Risk and Blame
- Author: Mary Douglas
- Original title: Risk and Blame: Essays in Cultural Theory
- Subject: Cultural anthropology, Cultural theory of risk
- Publisher: Routledge
- Publication date: 1992
- ISBN: 0-415-06280-2
- Preceded by: How Institutions Think
- Followed by: In the Wilderness

= Risk and Blame =

Book by Mary Douglas

Risk and Blame: Essays in Cultural Theory (first published 1992) is a collection of essays by the influential British cultural anthropologist Mary Douglas.

== Contents ==
The collection contains sixteen lectures and essays, grouped in three parts: "Risk and blame" (six pieces) on the cultural theory of risk; "Wants and institutions" (five pieces) applying cultural theory to issues other than risk; and "Believing and thinking" (five pieces) on the cultural determinants of individual production of and response to ideas.

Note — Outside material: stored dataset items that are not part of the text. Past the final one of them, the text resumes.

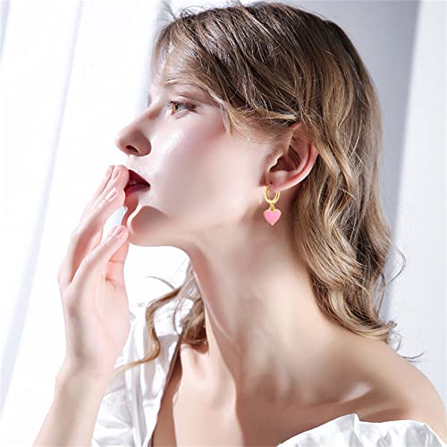 ONLYJUMP 14K Gold Plated Huggie Earrings For Women CZ Tiny Small Hoop Earrings Red Enamel Heart Ear Cuff Initial Huggies Earrings Minimal Jewelry 6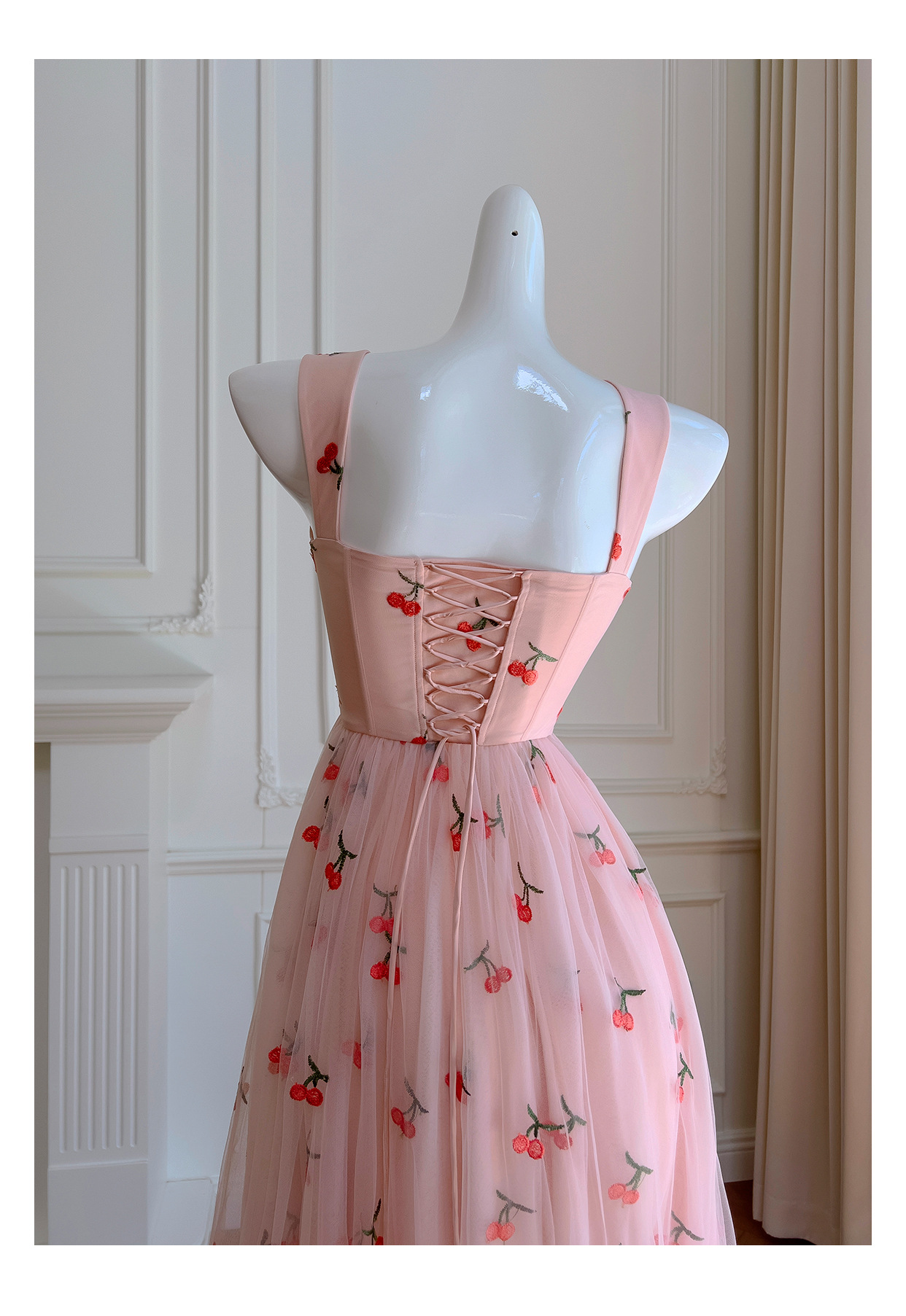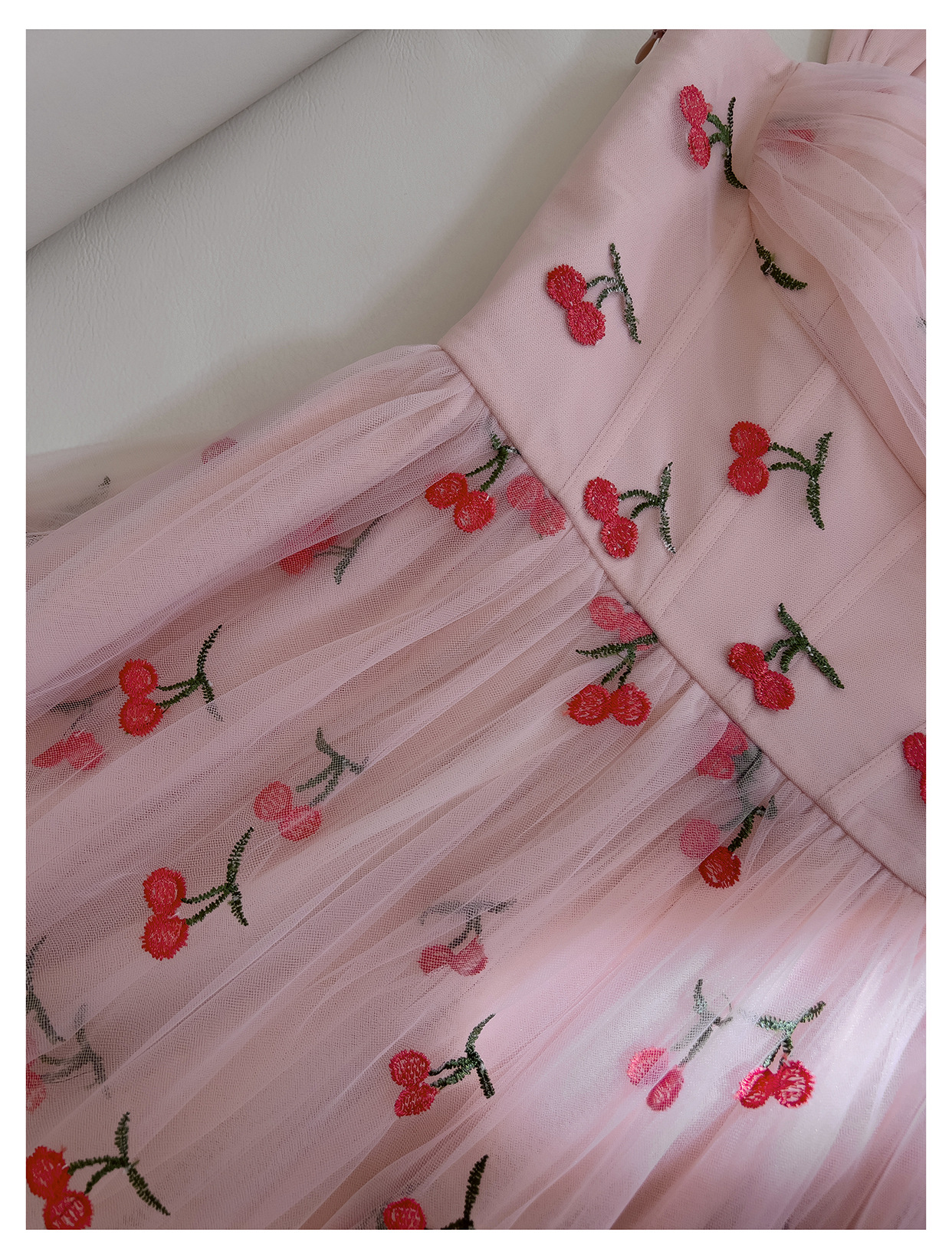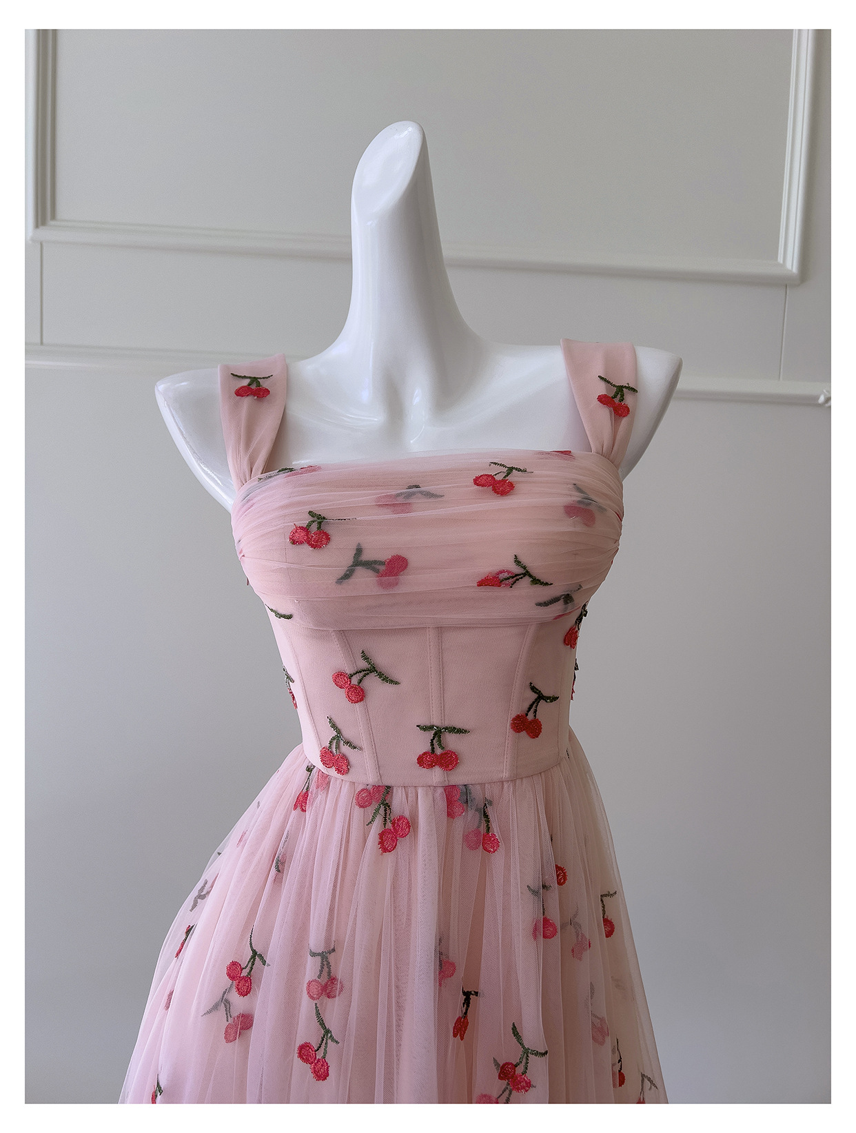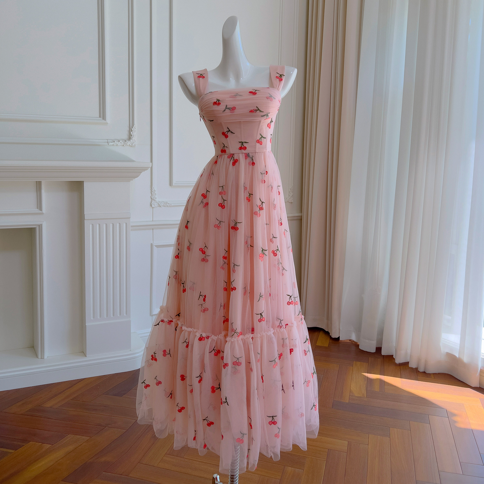 Perfect for warm days and evenings, this dress is lightweight and breathable, ensuring comfort without sacrificing style. The sheer mesh creates a subtle, alluring effect, while the vibrant cherry pattern brings a fresh, feminine touch.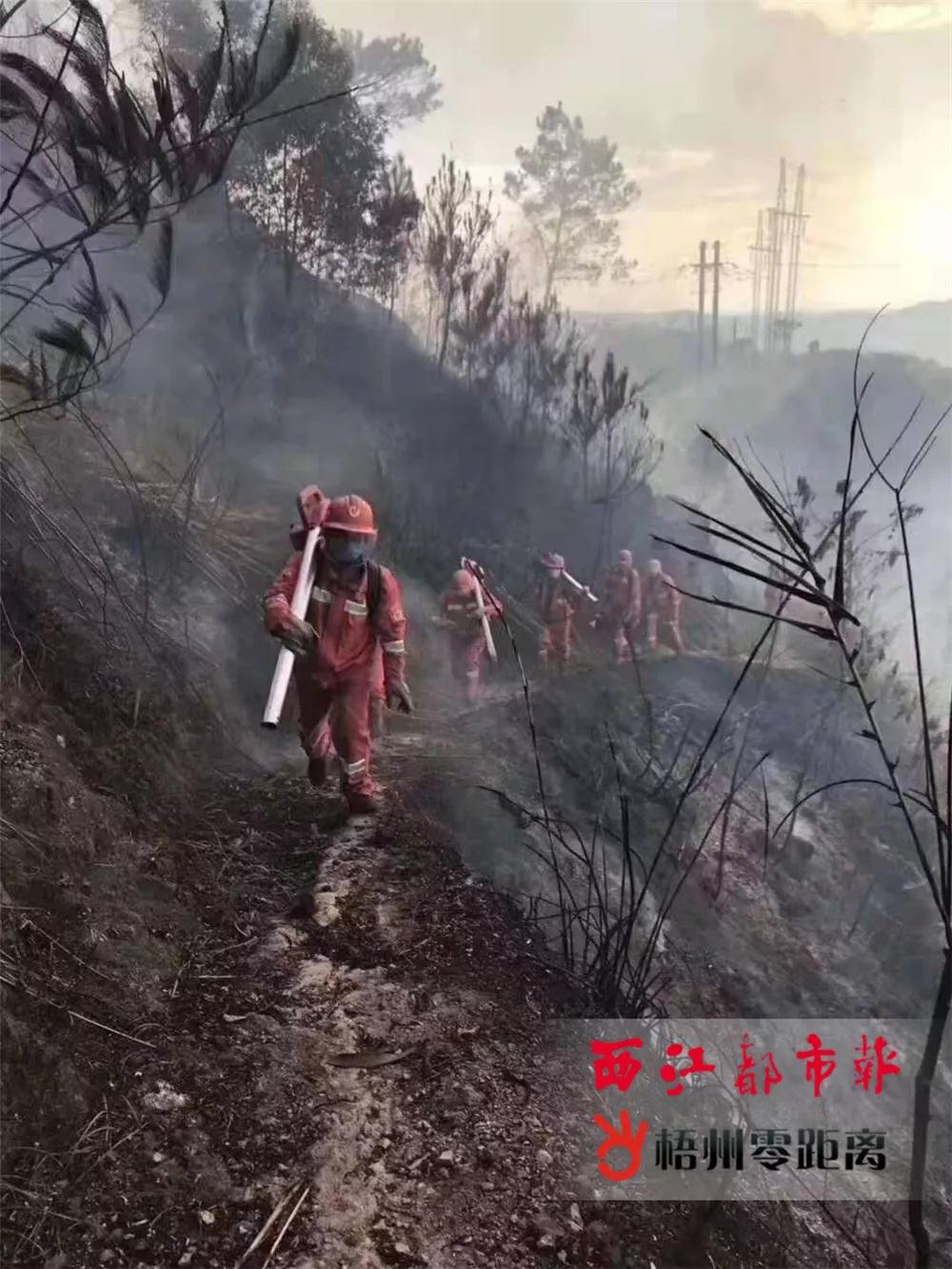 “最美逆行人”繼續朝著山火燃燒的方向前進。(梧州網友供圖)
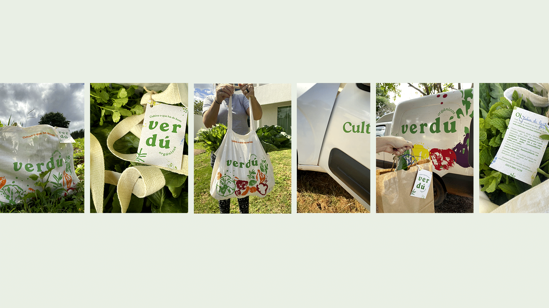 Apoiados em conceitos e práticas de agricultura familiar, redução de lixo e veneno, qualidade dos alimentos e praticidade, construímos um caminho único e autêntico para criar a personalidade de marca. Em seu nome, um apelido carinhoso da palavra "verdura" e da cor verde, tão presente neste universo. Assim nasce a marca Verdú Orgânicos, um delivery que leva a agricultura familiar de orgânicos do campo para a mesa de cada pessoa. Cultivando o que há de bom!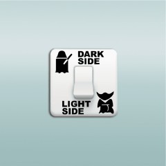 A white light switch with a black border and two black buttons, one on top of the other. The top button has a ghostly figure with a lightsaber, and the bottom button has a character with a lightsaber and a shield. The switch is set against a light blue background. | Movie Switch Sticker Cartoon Vinyl Removable Wall BLACK 6.2X6CM | e6c93f8d312ca74285f08821ef0183890c6904df051fe41337f525b05d9eb56b | 001065751569 | 0 | 0 | 50 | 9 | 0 | 0 | |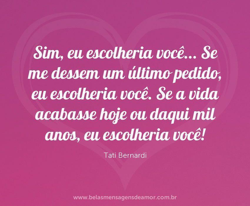 Sim, eu escolheria você… Se me dessem um último pedido, eu escolheria você. Se a vida acabasse hoje ou daqui mil anos, eu escolheria você!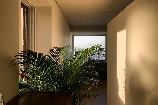 안녕하세요, 건축가 부부 김지은 백병석입니다. 저희는 후암동의 한 아파트에 살고 있어요. 사실 굉장히 오래된 건물이라 고민했지만 거실에 길게 나있는 창과 그 창 밖으로 보이는 뷰가 너무너무 좋더라구요. 그 무엇과도 바꿀 수 없는 거라 생각되어 바로 계약하게 되었습니다.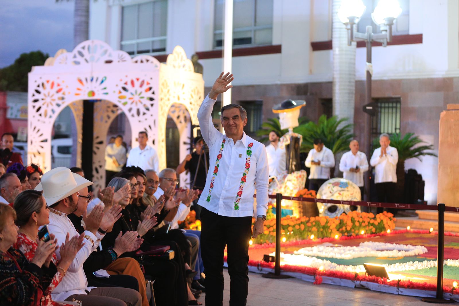 Ciudad Victoria, Tamaulipas.- En un ambiente impregnado por el aroma de la flor de cempasúchil, el pan de muerto y las luces de las velas, el gobernador Américo Villarreal Anaya y la presidenta del Sistema DIF Estatal, María de Villarreal presidieron la premiación del concurso estatal de catrinas y catrines «Almas Tamaulipecas» y la muestra del altar monumental del Día de Muertos en las escalinatas de Palacio de Gobierno .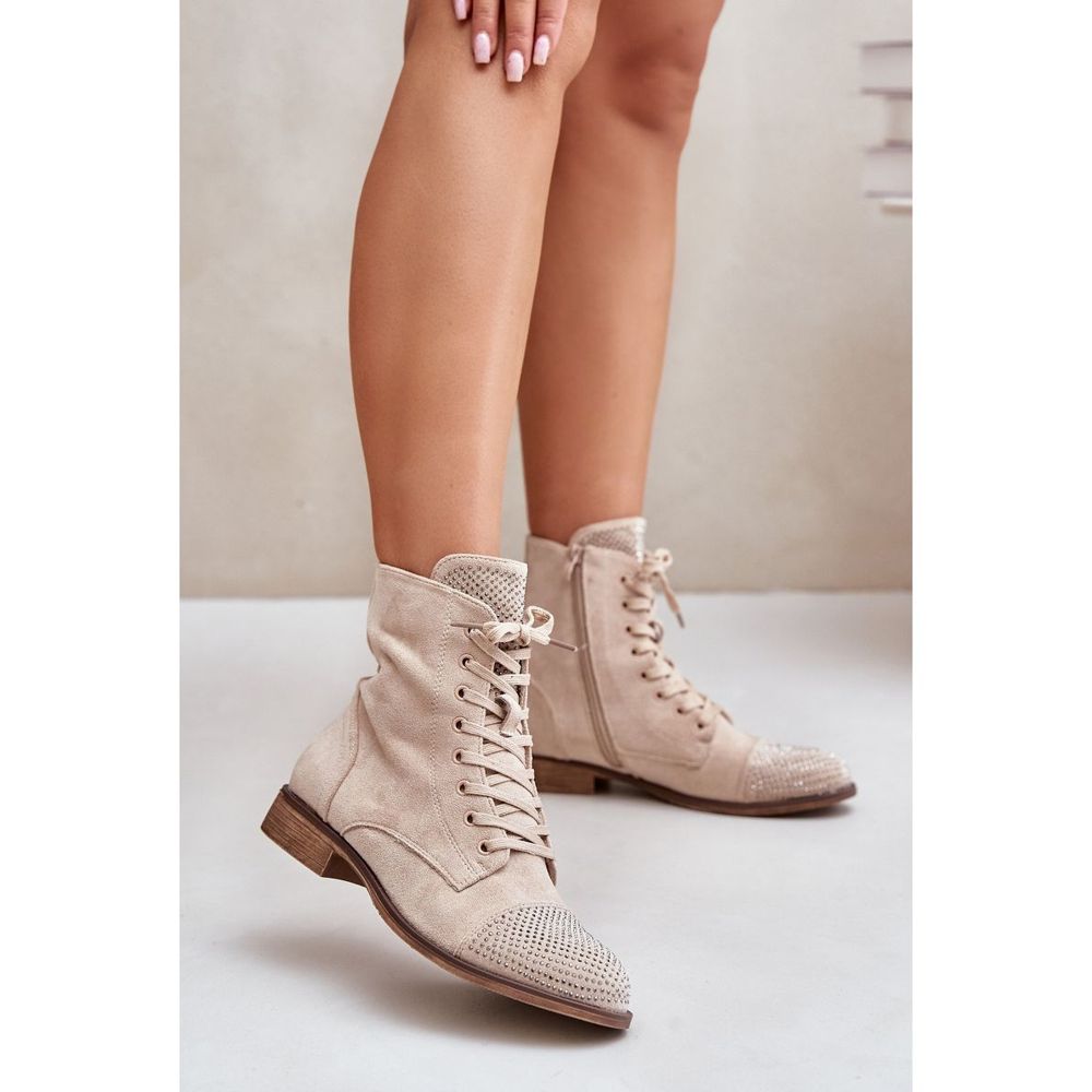 Details: Decorated Flat Heel Boots, Eco Suede, Warm, Light Beige Ellieo

The final piece in the volume, "The Hotel Kwilu: A Model of Models", recounts a return to Lele territory four decades after first undertaking fieldwork there. It was originally delivered in 1988 as the Distinguished Lecture at the 87th annual meeting of the American Anthropological Association.

== Editions ==
After hardback publication in 1992, the collection was brought out in paperback in 1994, and reissued in 1996. In 2003 it was published as volume 12 in Mary Douglas: Collected Works (ISBN 0415291151)

== Reviews ==
- Zygmunt Bauman in British Journal of Sociology, 45:1 (1994), pp. 143–144.
- Robert Paine in Current Anthropology, 37:4 (1996), pp. 721–722.
- T. O. Beidelman in American Anthropologist, New Series, 95:4 (1993), pp. 1065–1066.
- Elaine Draper in Contemporary Sociology, 22:5 (1993), pp. 641–644.

== Sources ==

- Richard Fardon, Mary Douglas: An Intellectual Biography (London: Routledge, 1999).